Once we get to the 1880s, members of the LDS Church had becomed hardened in their defense of what they believed to be their constitutional right to freedom of religion. They were willing to die, if need be, to defend the principle of plural marriage as an aspect of the New and Everlasting Covenant. They were certainly willing to obscure truth and even lie as required to protect what they felt to be their liberties. Polygamists and their wives went underground. Men dressed as women. Pregnant women took on aliases. No one asked, and no one told.
The key testimonies used to affirm women had sexual relations with Joseph were given in 1893, to prove Joseph had been a practicing polygamist. The feared penalty for failing to uphold such a finding was loss of the Missouri Temple Lot to Joseph’s sons.
The Shape of the Data
Mr. Whicher was roundly derided for allowing circumstantial evidence to guide him in accusing a “refined” young lady.
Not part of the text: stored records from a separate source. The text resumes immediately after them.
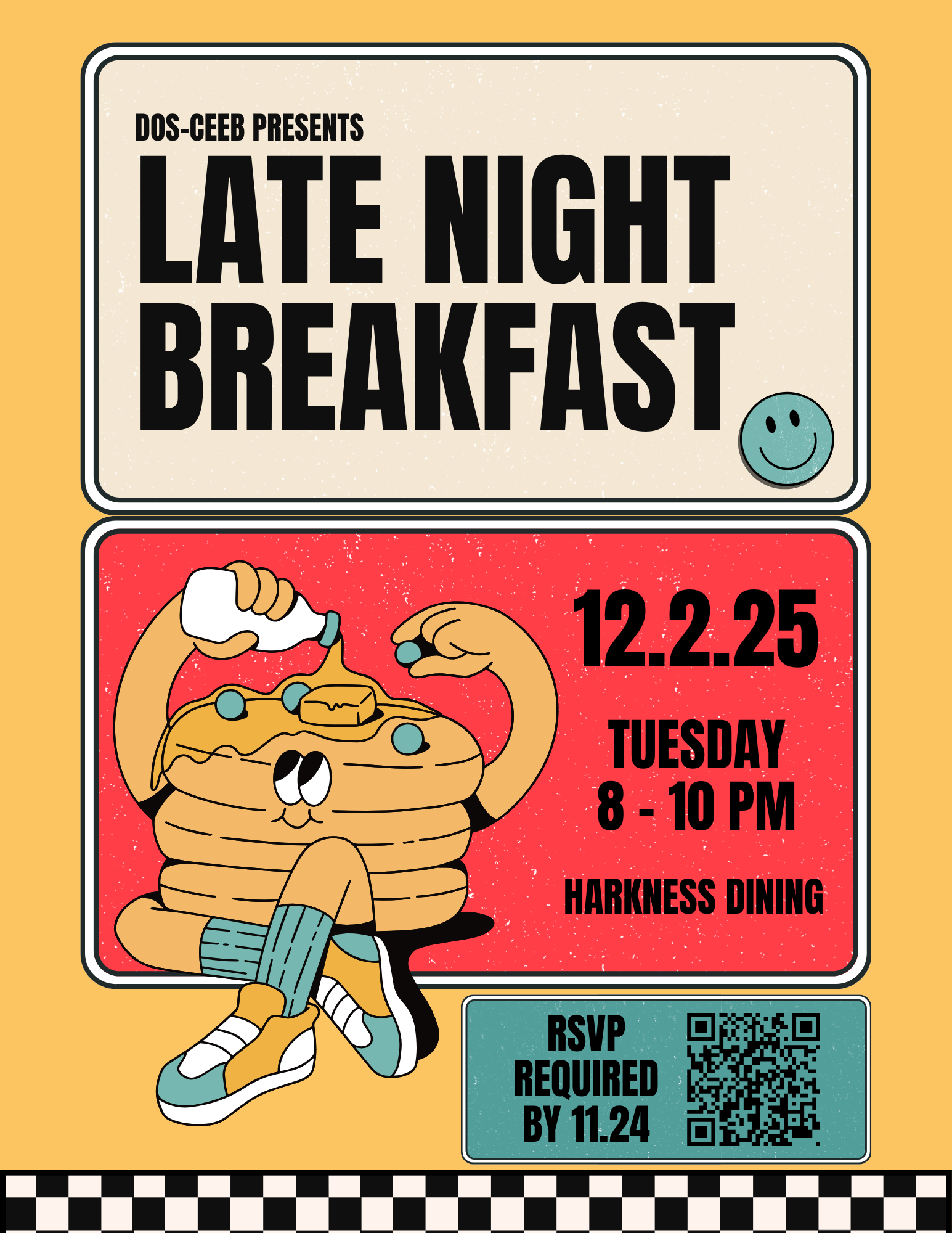 Your favorite end-of-semester event is back! Fuel up for exam season and hang out with friends at DOS-CEEB’s Late Night Breakfast.
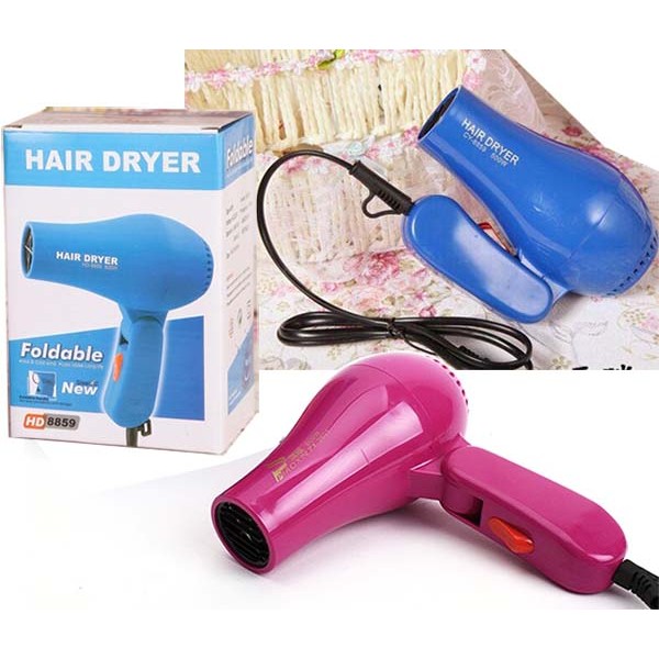 - Máy sấy tóc Hair Dryer thích hợp để sấy khô và tạo kiểu tóc cho mái tóc của bạn. - Vỏ nhựa của máy bóng đẹp, cách nhiệt và cách điện tốt, an toàn khi sử dụng. - Có 2 chế độ sấy: sấy nóng (dễ tạo kiểu), sấy mát (hong tóc mau khô). - Kiểu dáng nhỏ, gọn, nhẹ, thời trang, tay cầm có thể gấp lại khi không sử dụng, rất thích hợp mang theo khi đi du lịch. Thông tin sản phẩm: - Tên sản phẩm: Máy sấy tóc CY-8859 - Công xuất: 800W - Màu sắc: Xanh, hồng tím. - Kích thước: 14cm. - Trọng lượng: 384gr. - Chất liệu: Vỏ nhựa, cách nhiệt. - Thông số kĩ thuật (in trên máy): 220V- 50Hz. - Bảo hành 1 tháng 1 đổi 1 tại eshop24h.vn
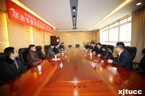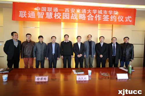 2014年1月10日上午,“联通智慧校园战略合作”签约仪式在威尼斯7798cc行政楼608会议室隆重举行。中国联通西安分公司党委书记夏双林、中国联通西安分公司副总经理闫刚、中国联通支付公司西北大区总监周靖、中国联通西安分公司校园中心经理于亮、学院党委书记冯民柱、院长助理徐君陶、副院长李加玉及各学院中心负责人出席了签约仪式。
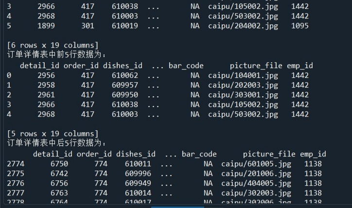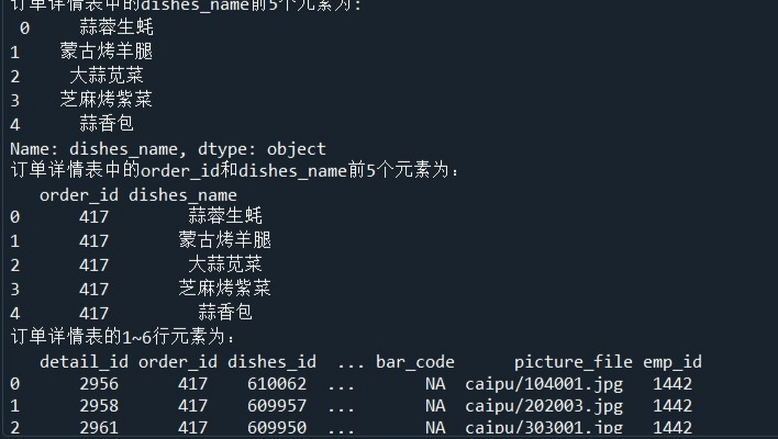 print('订单详情表中的order_id和dishes_name前5个元素为;','\n',orderDish)
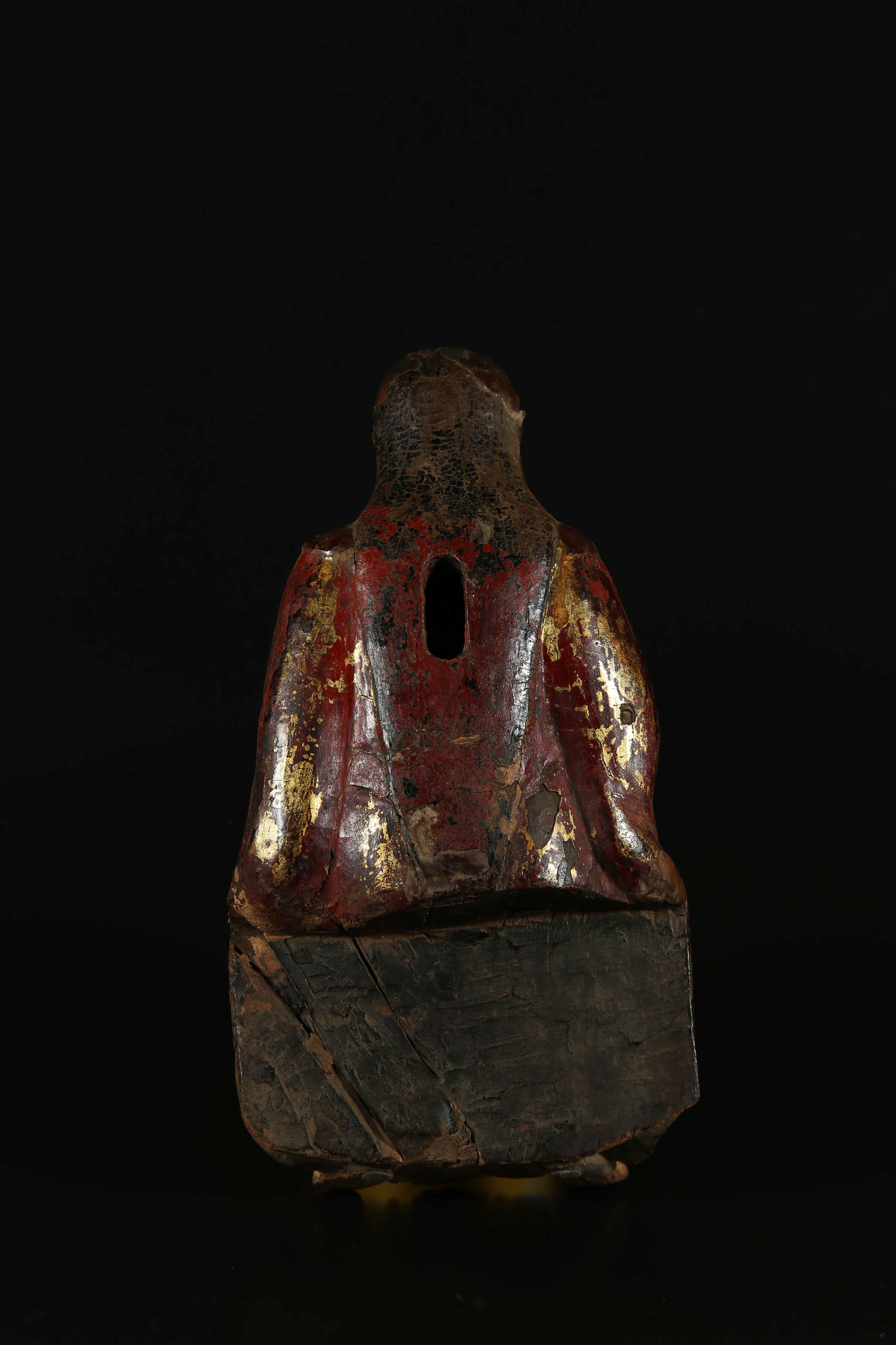 Arte Cinese A wooden sculpture depicting an emperor

I am derided for allowing the shape of events and documents in 1840s Nauvoo to guide me, given that honored Saints appear to have been touched by scandal based on journals written by themselves or their trusted colleagues.
If anyone wishes to dissuade me from my path, show me data that proves I am wrong. Do not merely state that you hope [insert name of honored Saint] never engaged in the activity suggested by contemporary writings. At the very least, persuade me that there is a current widespread need to avoid talking about the possibility that Joseph was faithful to Emma in defiance of God’s commandment.
I have as much family right to this story as any other researcher. For the sake of our children, let us come together to acknowledge the likely truths of Nauvoo, rather than maintaining our forebears on pedestals of perfected regard which implicitly damn our religion to ridicule and scorn.